» Activity
Exactly as they stand, repeat the lines from the one containing "而在2001年中国加入世贸组" through the final line of the listing, both ends included, and nothing else; skip the pictures.

» Source data
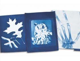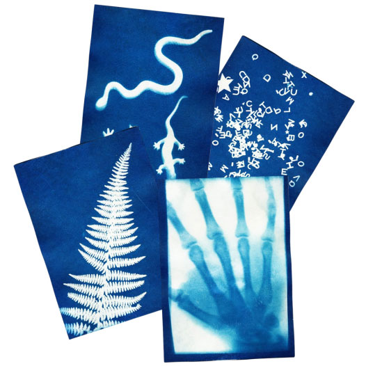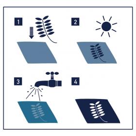 Si l'on pose un objet sur le tissu lors de l'exposition (une fleur, des couverts, un grillage...), les parties cachées gardent leur couleur d'origine alors que le reste noircit. Et si l'on pose un film avec des niveaux de gris, il s'imprime "en négatif" sur le papier. C'est tout simplement le principe du développement des photos.
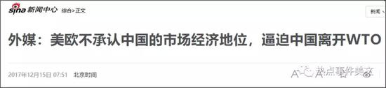 而在2001年中国加入世贸组织时,根据中国加入WTO议定书的一项规定,将中国视为“非市场经济经济”国家的适用期限是15年,将在2016年12月11日失效。
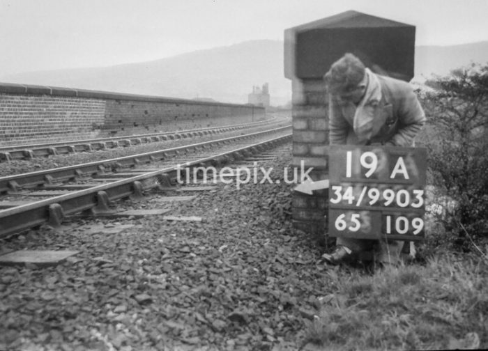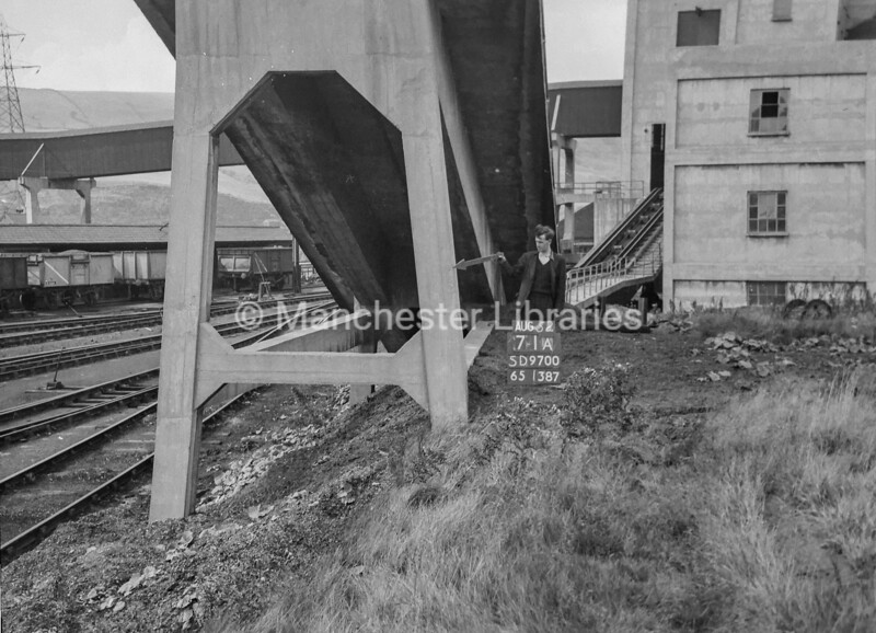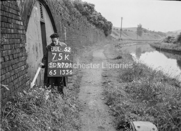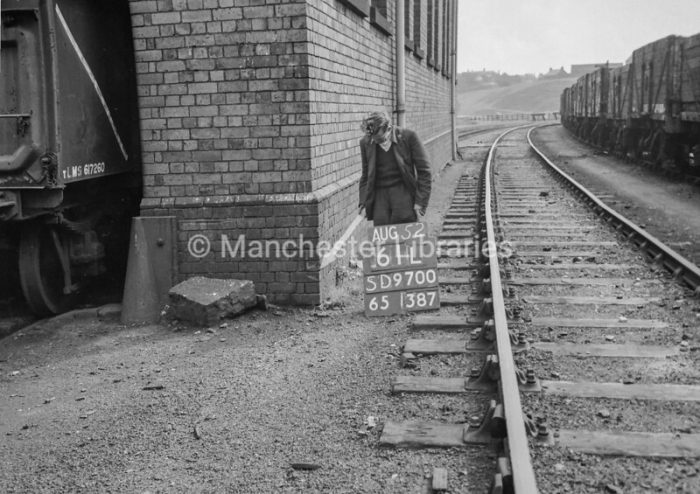 Man marking Ordnance Survey minor control revision point close to Friezland Goods Shed. The picture is taken looking to the West from a point directly opposite the Goods Shed along the North side of the MIcklehurst Loop. The signal box is visible in the middle-distance, (c) Manchester Libraries. [30]

» Task answer
 而在2001年中国加入世贸组织时,根据中国加入WTO议定书的一项规定,将中国视为“非市场经济经济”国家的适用期限是15年,将在2016年12月11日失效。
 Man marking Ordnance Survey minor control revision point close to Friezland Goods Shed. The picture is taken looking to the West from a point directly opposite the Goods Shed along the North side of the MIcklehurst Loop. The signal box is visible in the middle-distance, (c) Manchester Libraries. [30]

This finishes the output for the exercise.